Summary
Add a new CLI command vera context that exports a compact, token-budgeted summary of a Vera project's public API surface for consumption by LLM agents working on or with a codebase written in Vera.
Directly inspired by Aver's aver context command. Credit Szymon Teżewski's aver context design in the implementation, the commit message, and the CLI help text.

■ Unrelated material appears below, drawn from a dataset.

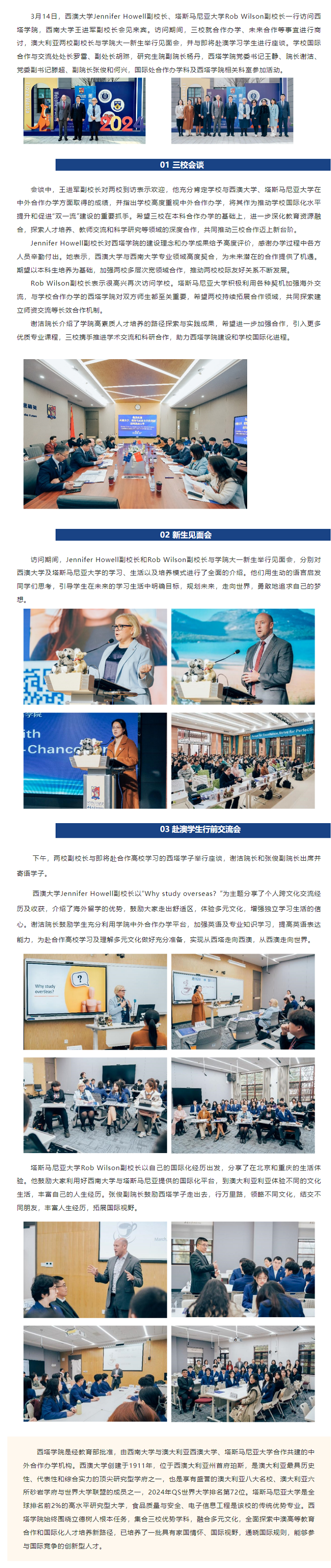 澳大利亚西澳大学、塔斯马尼亚大学副董事长到访公司

Why this fits Vera especially well
Every Vera function already carries mandatory, machine-readable contracts. The output for each public function looks like:
public fn safe_divide(@Int, @Int -> @Int)
requires(@Int.1 != 0)
ensures(@Int.result == @Int.0 / @Int.1)
effects(pure)
Four lines communicate: parameter types, preconditions, postconditions, and effects. An LLM reading this knows everything it needs to call the function correctly — no need to read the body. In a named-variable language you'd additionally need to convey parameter names and their semantic meaning. In Vera the types and contracts carry all of that.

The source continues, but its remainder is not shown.